1. A method for image calibration of a multi-slice X-ray detector, comprising the steps of:

s1, acquiring a gain correction image, and generating a gain correction table according to the gain correction image, wherein the gain correction image is an air map acquired by the X-ray detector with the multilayer flat plate structure under the condition that X-rays are turned on;

s2, acquiring a multi-energy image of the object to be measured, wherein the multi-energy image is an image respectively obtained by X rays with different energies generated after the X rays pass through the object to be measured and the X ray detector with the multi-layer flat plate structure;

s3, performing multi-point gain correction on the multi-energy image according to the gain correction table to obtain a multi-energy corrected image;

and S4, registering the multi-energy correction images to enable the images of the object to be measured in the multi-energy correction images to be overlapped.

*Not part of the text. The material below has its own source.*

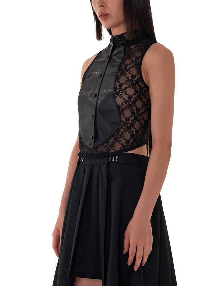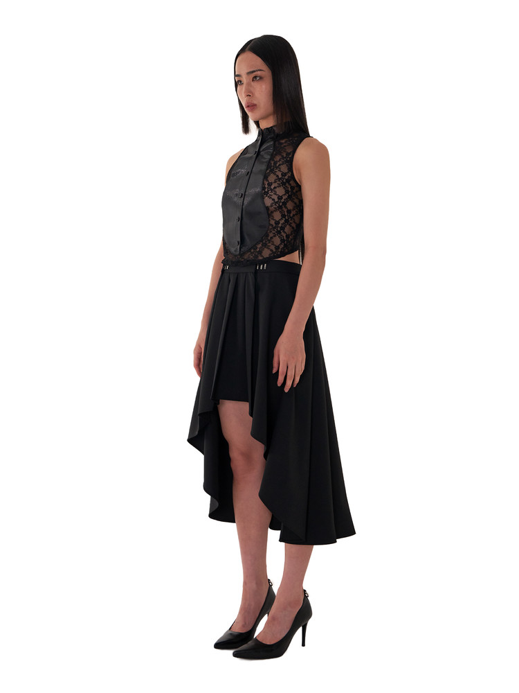 ― Floral lace shirt with plastron accents on the front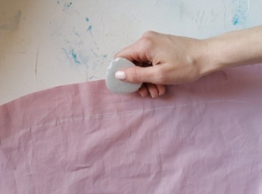 Chalk the stitching line on the bodice. Fold the bottom hem of the bodice to 1 cm (0,39″) and press.

2. The multi-layered X-ray detector image calibration method according to claim 1, wherein the S1 is specifically:

determining a first dose of X-rays which enable the gray value of an image obtained by X-rays with certain energy in the multi-energy image to be located in a first preset interval or a second preset interval;

and shooting an aerial image by using the X-ray of the first dose, acquiring a first image obtained by the X-ray of a certain energy in a plurality of multi-energy images, and carrying out weighted average on the plurality of first images to obtain a first gain correction table corresponding to a first preset interval and a second gain correction table corresponding to a second preset interval.

3. The multi-layered X-ray detector image calibration method according to claim 1, wherein the image obtained by X-rays of each energy in S1 corresponds to at least two gain correction tables with different gray scale values;

the S3 specifically includes:

according to the gain correction table, performing multi-point gain correction on the multi-energy image to obtain a multi-energy corrected image, wherein the gain correction on each point in the multi-energy image specifically comprises the following steps:

calculating a gain coefficient:

wherein m is the mean value of the gray values of the gain correction table, m₊Mean value of gain correction table, m, representing higher gray value_-A mean value of the gain correction table indicating that the gradation value is low; s is the gray value of a pixel point on the multi-energy image, and (u, v) represents a pixel point on the multi-energy correction image; judging whether the S is positioned between the two gain correction tables, if so, judging the S_{_}＝gain_l_{_}(x,y)，S₊＝gain_l₊(x, y) wherein, gain _ l₊A gain correction table representing a higher gray value, a gain _ l-gain correction table representing a lower gray value, and (x, y) representing a pixel point on the multi-energy image;

and multiplying each pixel point in the multi-energy image by the corresponding gain coefficient to obtain the multi-energy correction image.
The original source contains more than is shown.